Falsches Blut beim falschen Patienten: Risikopotentiale in der Klinischen Hämotherapie
Zusammenfassung
Nachdem erhebliche Erfolge bei der Verbesserung der Produktqualität von Blutzubereitungen und der begleitenden immunhämatologischen Diagnostik erzielt wurden, treten Fehlzuordnungen in der Vorbereitung von Transfusionen zunehmend in den Vordergrund von Untersuchungen. Sie stellen einen Hauptgrund für schwere unerwünschte Transfusionsereignisse in der Klinischen Hämotherapie dar, die mitunter tödlich enden. Gemeinsames Kennzeichen dieser Fehlzuordnungen ist, dass sie meistens durch administrative Fehler wie Konzentrationsmangel, Informationsdefizit oder Nichtbeachtung von Vorgaben verursacht werden und theoretisch durch Verbesserung der Abläufe rund um die Bluttransfusion hätten verhindert werden können. Dieser Artikel führt zunächst historische Entwicklungen auf und versucht anschließend, eine Übersicht über Fehlerkategorien zu geben, die anhand von Fallbeispielen und nachgestellten Abbildungen erläutert werden.
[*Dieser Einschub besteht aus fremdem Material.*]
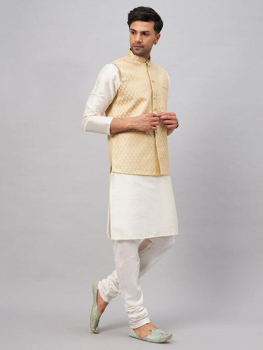 VASTRAMAY Men's Cream Silk Blend Jacket with Kurta Pyjama Set
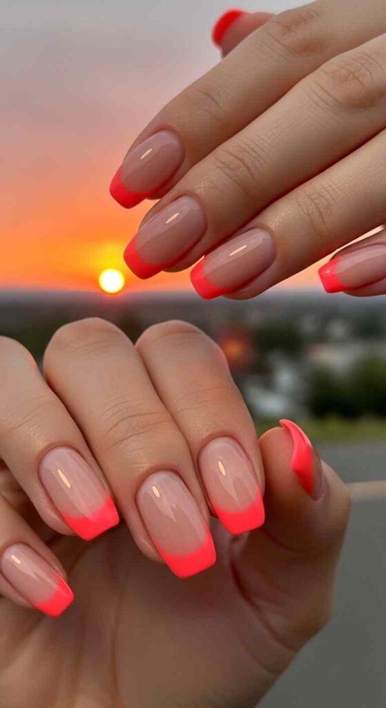 Vibrant coral-pink tips creates warm summer brightness.
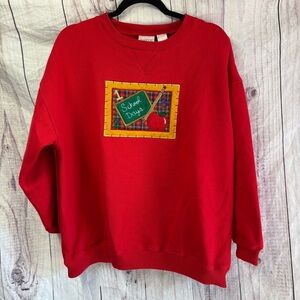 Vintage Embroidered Graphic Print Red School Days Crewneck Sweatshirt Large

During the last decades transfusion medicine has become much safer due to development in blood component production, blood supply and improvement in immunohematology and microbiological diagnostics. However, severe cases of patient injury, some with fatal outcome, are registered. Therefore, transfusion safety research with regard to failures during identification, preperation and handling is of Major importance. In general these mistakes arise from slip- or cognitive failures, when people involved in the process are either distracted, inexperienced, overworked, have an Attention deficit or a lack of Information while Performing a tast. This article gives an overview on administrative failures in the process of clinical hemotherapy, including a short historic introduction, an overview on common mistakes, and gives relevant information on how to prevent these mistakes in daily practice.